A Norfolk Place
Updated: Jul 26, 2021
I spent much of Spring photographing a single location, almost obsessively so. I was trying to develop a series of images looking at one location and the species that inhabited it, animals that most people overlook or take for granted.
The field lies at the far end of a shallow valley, just a short walk from my home, and it’s a beguiling little patch with views across to the fenland, along the Waveney Valley and down to the church on one side, and a meadow with two large ancient oaks on the other. One of these is home to a family of little owls, and the other to raucous jackdaws. Its charms are all the richer because it seems timeless, and is utterly at odds with the surrounding and uncompromisingly farmed countryside.

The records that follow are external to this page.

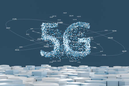5g mobile telecommunication, communication technology, wireless internet and speed phone network symbol concept. Futuristic abstract 3d rendering illustration.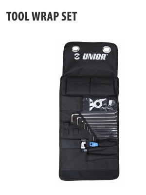 Tool Wrap Unior adalah solusi yang bagus untuk pengendara sepeda yang ingin siap untuk segala hal atau bikepacker modern, Tool Wrap Unior ini akan berguna bahkan untuk pengguna yang lebih menuntut seperti mekanik XC atau CX. Perkakas ini memiliki tas yang ringkas, ringan, dan mudah disimpan di ransel atau mobil Anda. Dalam Tool Wrap Unior ini hadir dengan banyak pilihan perkakas, yang terdiri dari:›Kunci segi enam ujung bola panjang, ukuran 1,5, 2, 2,5, 3, 4, 5, 6, 8 mm›Kunci profil TX, ukuran T25›Alat tutup engkol›Alat rantai, bersama dengan alat katup ban›Putaran berbicara kunci inggris›Set dua tuas ban›Obeng ujung silang PH0Fitur bungkus:›Lubang tali aluminium untuk memasang pembungkus pada jok mobil, dengan fiksasi di bawah sandaran kepala›Tali Velcro® yang kuat untuk menutup dengan aman›Kantong samping dengan penutup penuh menutup untuk suku cadang atau perkakas tambahan›Tali elastis tambahan untuk lebih banyak alat›Terbuat dari bahan berlapis PU, tahan air dan tahan minyak›Anda juga dapat memasang pompa mini di sana
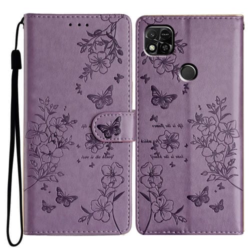 Para Redmi 10A Funda de Cuero para Teléfono con Mariposas y Flores (Púrpura)
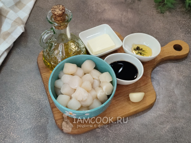 Соберите ингредиенты для приготовления гребешков в соевом соусе на сковороде. Гребешки нужно разморозить заранее, в холодильнике, после откинуть на сито, дать стечь лишней влаге.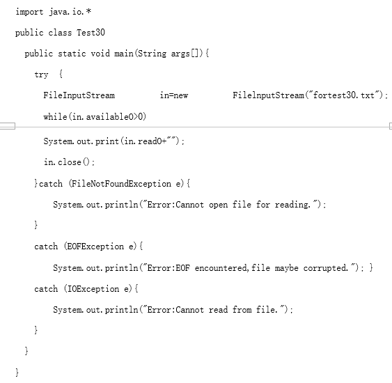 【正确答案】:该程序读入文件“fortest30.txt”,将文件内各字符的ASCⅡ码输出到屏幕上,如果打开文件时出错,则进行异常处理,显示对应的出错信息.
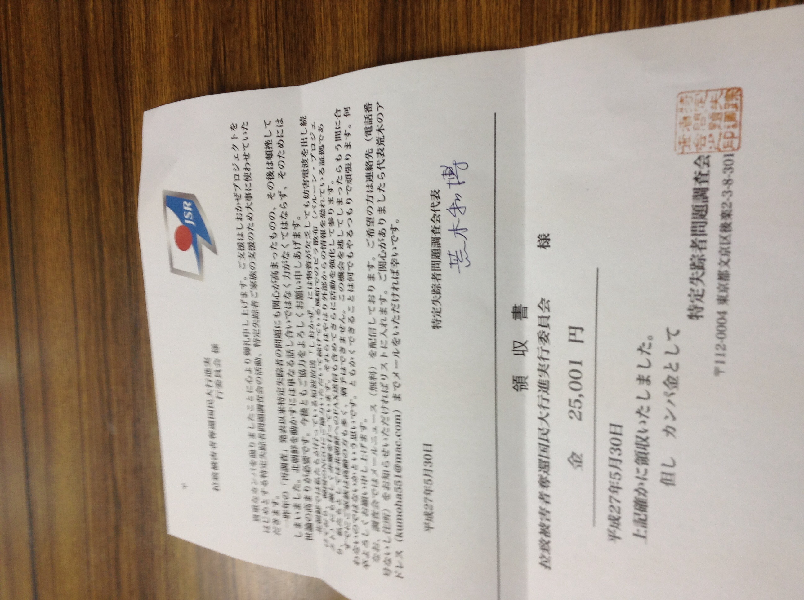 【日時】7月17日(日)13時開始16時終了【場所】靖國神社(九段下理科大周辺)☆ 雨天の場合延期させて頂き【共催】誇りある日本の会【主催】拉致被害者奪還国民大行進実行委員会第24並びに25回定例街頭で頂いた浄財25001円と署名110筆を本日、調査会事務所に届けて参りました。弊會より調査会に還流した浄財853202円、署名3760筆となりました。ありがたう御座いました。

I mentioned that it’s just a short walk from home, but I confess I travelled there each evening by car, using it as a makeshift hide. In fact, the road is sunken somewhat below the level of the field, and at certain points I could stop the car and be exactly at eye level with my subject. It is testament to the quietness of this particular patch of Norfolk that I often stopped in the road, switched off my engine and photographed the wildlife undisturbed.
It is surprising what you notice when your focus is turned on one place for an extended time. I began to get to know the male pheasants and I had better and closer views of native grey partridges than I had ever had before. I also started learn the habits of the local hares, what time they were likely to appear and where, and there was the odd visit from the little owls too.

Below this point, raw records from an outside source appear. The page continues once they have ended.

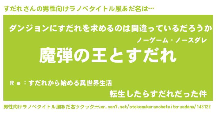 | 意味不明あだ名 | 『住所不定無職すだれ(74歳)』『自称すだれ』 |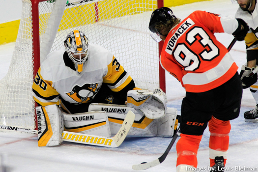 Right Wing Jakub Voracek (#93) of the Philadelphia Flyers shoots at Goalie Matt Murray (#30) of the Pittsburgh Penguins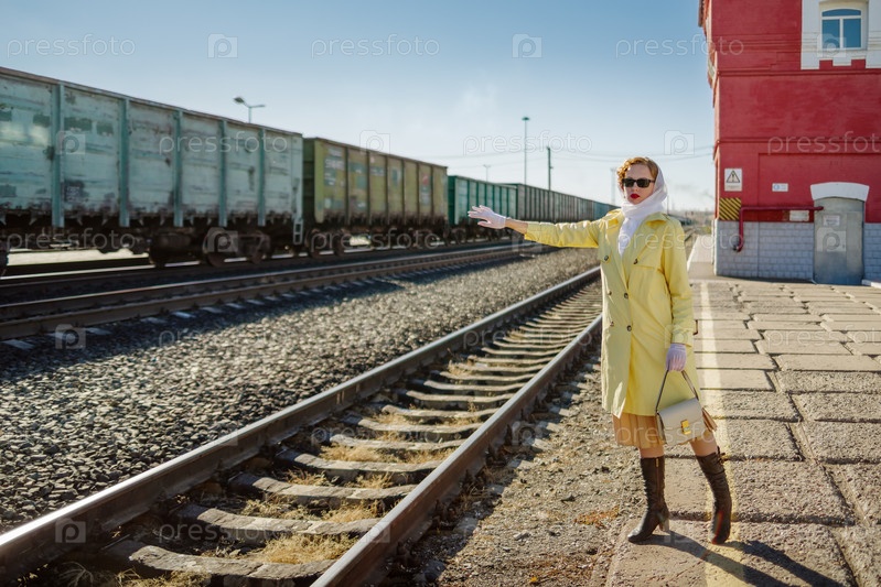 На перроне вокзала стоит молодая женщина в желтом плаще и темных очках. Снимок на открытом воздухе в стиле ретро

Can you spy the little owl glowering at me in this shot?
I began to look forward to the arrival of the debonaire male pheasants, especially when the late evening sun illuminated their feathers, making them appear as if they were wearing a fancy suit of golden lamellar armour. I became a little obsessed with trying to capture their exuberant flourishes, and their faintly ridiculous territorial performances with all its fluster and flapping.
I used a single lens on almost every shoot, my trusty Canon 500mm, often with a 1x4 extender attached, making it a 700mm lens. Perhaps a little excessive you might think, but it made me work within strict parameters, and I found it a challenge to think of how best to frame each moment or encounter. I was also using my new Canon EOS R5, and most of my shots were taken handheld. The camera’s stabilization worked so well that I often shot at very low shutter speeds, something which previously wouldn’t have been possible without a sturdy tripod.
More often than not the animals would keep their distance, but this made me think about the wider environment and how I might portray a little of the place they called home: the field margins and ditches, the thick hedgerows, cultivated fields, and the wooded copse down in the Waveney valley.
My preferred method was to sit and wait for the wildlife to come to me, but I confess impatience often got the better of me and I would slowly patrol the field margins, crawling along in first or second gear. This sometimes paid off, especially with the hares in the adjacent field that were just over the skyline. I knew their likely spots and that the sun would set beautifully behind them if they cooperated and sat up in the right place. I had some wonderfully close , but the silhouetted shot I had in mind eluded me. However, it’s there in my mind for next year.
I also began tentatively exploring video, knowing that the R5 is extremely capable, exploring the camera’s ability to record at 100fps for slow motion capture. I soon realized how essential a tripod is for steadying the camera when recording video, but nonetheless I had great fun attempting to capture the hares as they stretched and yawned, and the pheasant’s flustering displays.
On one occasion during our unpredictable spring, I had my camera trained on a contented hare, busily munching its way through the fresh green shoots. I hadn’t noticed the dark cloud looming behind me, intent as I was eyeing my subject through the viewfinder of my camera. The first flurry of snow was light, but the wind soon rose to a fair bluster and a blinding, blurring, snowstorm followed. The hare hunkered down with its back to the prevailing wind, and I kept trying to keep it in focus despite the snow billowing in through the window, covering the dashboard and passenger seat. It all but obscured the hare and in a few short minutes had carpeted the crop in white. It was a quite extraordinary May afternoon.
A brown hare enduring the British springtime weather.
Of course, the crops are high and the wildlife well-hidden now in late July, all their goings on obscured by the dense veil of the farmer’s crop, but there are still signs of their furtive activity, and it will soon be harvest. They won’t be able to hideaway for long.